Genome-wide association analysis was performed using the Cochran-Armitage trend test with PLINK v1.0720 and the genomic inflation factor (λ) of 1.031 was used to correct for the degree of inflation12. Gene-wide association analyses were conducted with the VEGAS software [VErsatile Gene-Based Association Study; http://gump.qimr.edu.au/VEGAS/], which combines the effect of all SNPs in a gene locus and corrects for linkage disequilibrium (LD)21. Regions were defined using VEGAS default option as ±50 kb upstream and downstream from each gene locus (UCSC Genome Browser; NCBI36/hg18 assembly), and the HapMap CEU population was used to estimate patterns of LD for each gene. Two different strategies were followed for gene-wide analyses by (i) considering all SNPs that mapped within a gene locus and (ii) restricting the analysis to the 10% most significant SNPs from each gene locus. Multiple-testing adjustment was addressed by the Bonferroni correction, and the significance threshold was set at P-value < 1.4e-06, taking into account 17,787 autosomal genes and the two gene-wide strategies (0.05/(17,787*2)). Positive signals surpassing a follow-up threshold of P-value < 1e-03 were tested in an independent dataset of 2,064 ADHD trios, 896 ADHD cases and 2,455 controls, following the same strategy described for the discovery sample7, 22.

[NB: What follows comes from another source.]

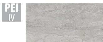
PTN003 32x62,5 cm Hrúbka 9 Balenie obsahuje 1 m 2 , 5

Gene-Set and Pathway Analysis

Gene-set and pathway analyses were restricted to genes surpassing a follow-up significance threshold set at P-value < 1e-03 in the gene-wide analyses when either all SNPs or the 10% most significant SNPs in gene locus were considered. The definition of the follow-up threshold was based on previous evidence supporting that VEGAS software provides an accurate performance for genes with P-value < 1e-03, offering a sizeable sensitivity, with less than 1% false positives and specificities ranging from 98% to 100%, while being able to distinguish between multiple independent causal loci and multiple signals due to linkage disequilibrium23.

The gene-set analyses were performed with MAGMA software [Generalized Gene-Set Analysis of GWAS Data; http://ctg.cncr.nl/software/magma]24, a statistical method for analyzing multiple genetic variants simultaneously to determine their joint effect while correcting for LD (gene-wide), and subsequently, assembling individual genes into groups of genes sharing biological or functional characteristics (gene-set). Multiple-testing correction was assessed by 10,000 permutations as implemented in the MAGMA software and the significance threshold was set at adjusted P-value < 0.05.

Functional and pathway enrichment analyses were conducted with IPA software [Ingenuity Pathway Analysis; Ingenuity Systems®, Redwood City, California, USA; http://www.ingenuity.com]. Fisher’s exact test was used to calculate P-values, based on the number of genes/molecules that map to a biological function, disease, pathway, or network. A Benjamini-Hochberg’s (BH) threshold of 0.05 was applied for multiple comparison correction in the functional, disease and pathway enrichment analyses. Gene networks were considered of relevance when the network score (P-score = −log10(P-value)) was over 8 (P-value < 1e-08)25, 26.

Gene expression analysis in peripheral blood mononuclear cells (PBMCs) with microarrays

Expression levels of genes identified in the gene-wide study (follow-up P-value threshold <1e-03) were tested in PBMCs of 45 medication-naive adults with a new clinical diagnosis of ADHD (69% male; mean age = 38 years (SD = 9.9)) and 39 healthy unrelated controls (60% males, mean age = 35 years (SD = 12.1)).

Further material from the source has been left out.